Supplied information:
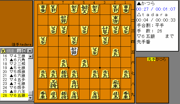 リーグ戦も最終盤。戦跡は3勝4敗。トーナメント出場の目も降級(ん? そんなもんあったっけ?ま順位戦の気分ってとこか)の目もなくちょっと 雑な序盤。銀でられると56の歩をとられるのは解っていたが居玉のまま でやってこないだろうと思って安易に角筋に玉はいったのは失敗でした。 それでもまぁ固めれば1歩くらいたいしたことないかともおもったのだが ▽55角がいつでもあって▲36歩が突きづらくてまいった。やっぱり、 歩を粗末にしてはいけないのであった。序盤はそんなこんなで書くことが ないんでしょうがなく最終盤の図面でも載せようかと思ったのだが・・・ 終盤の局面まで並ばない。3〜4日たってるとはいえまったくお粗末。 やっぱり終盤は何も考えて指してないってことか(^^; |
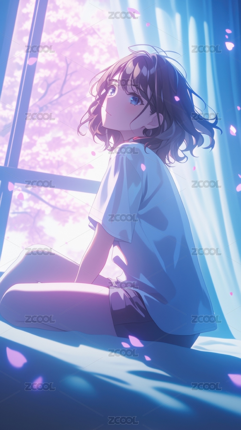 卡通,插画,动漫,漫画,现代,少女,长发,灯光,蓝色,星辰
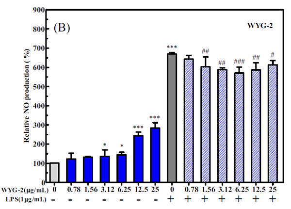 All the five WYG components significantly stimulate NO production in a dose-dependent mode, suggesting that they have significant immunomodulatory activities. And the five WYG components show different immunomodulatory effects in macrophages with or without LPS, suggesting that they may have two-way immunomodulatory effects in macrophages, among which WYG-2 has the highest two-way immunomodulatory activity.
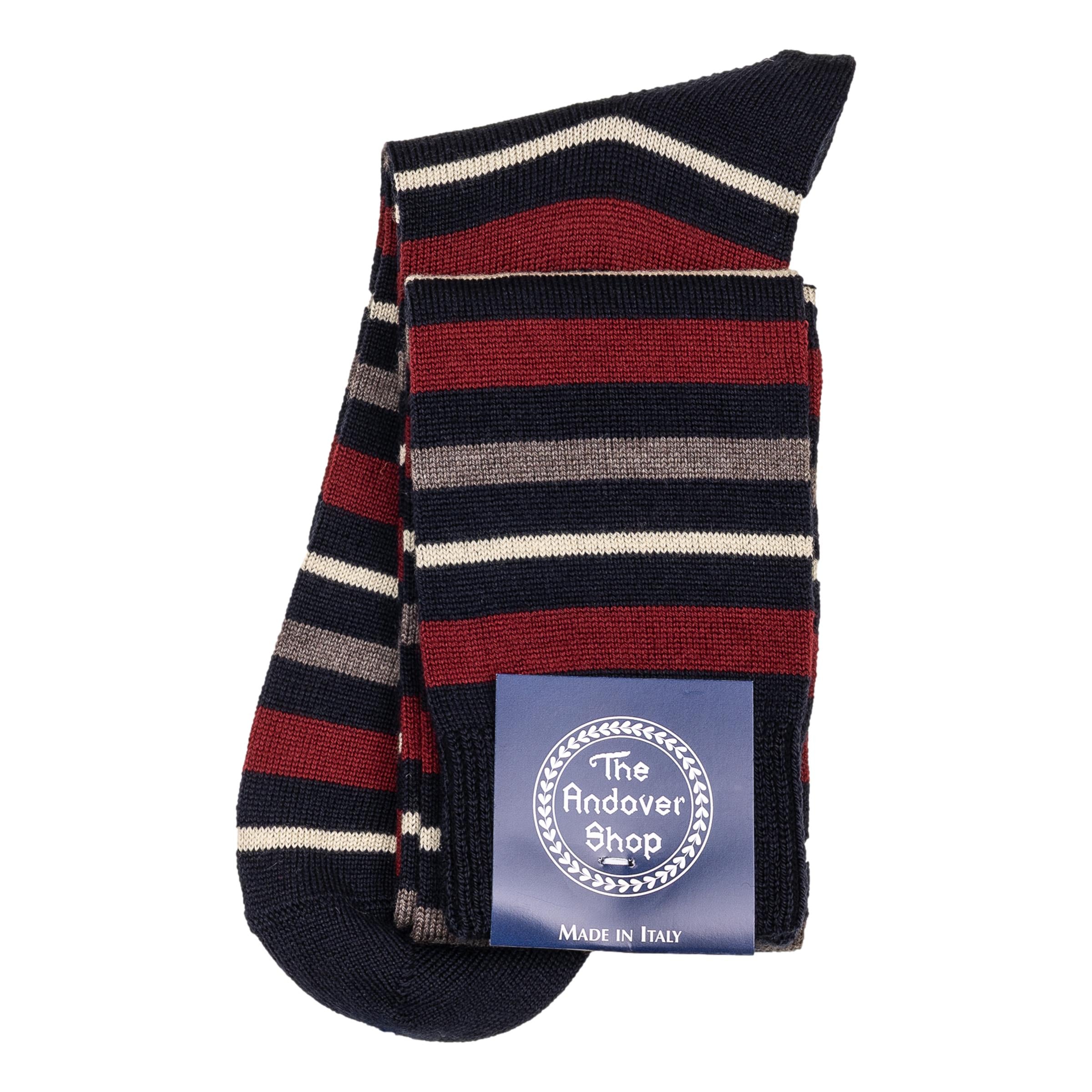 Over-the-Calf Wool Multi-Stripe Dress Sock

What you should do: Could you set down the data exactly as given, minus its pictures?

Solution to this problem:
 リーグ戦も最終盤。戦跡は3勝4敗。トーナメント出場の目も降級(ん? そんなもんあったっけ?ま順位戦の気分ってとこか)の目もなくちょっと 雑な序盤。銀でられると56の歩をとられるのは解っていたが居玉のまま でやってこないだろうと思って安易に角筋に玉はいったのは失敗でした。 それでもまぁ固めれば1歩くらいたいしたことないかともおもったのだが ▽55角がいつでもあって▲36歩が突きづらくてまいった。やっぱり、 歩を粗末にしてはいけないのであった。序盤はそんなこんなで書くことが ないんでしょうがなく最終盤の図面でも載せようかと思ったのだが・・・ 終盤の局面まで並ばない。3〜4日たってるとはいえまったくお粗末。 やっぱり終盤は何も考えて指してないってことか(^^; |
 卡通,插画,动漫,漫画,现代,少女,长发,灯光,蓝色,星辰
 All the five WYG components significantly stimulate NO production in a dose-dependent mode, suggesting that they have significant immunomodulatory activities. And the five WYG components show different immunomodulatory effects in macrophages with or without LPS, suggesting that they may have two-way immunomodulatory effects in macrophages, among which WYG-2 has the highest two-way immunomodulatory activity.
 Over-the-Calf Wool Multi-Stripe Dress Sock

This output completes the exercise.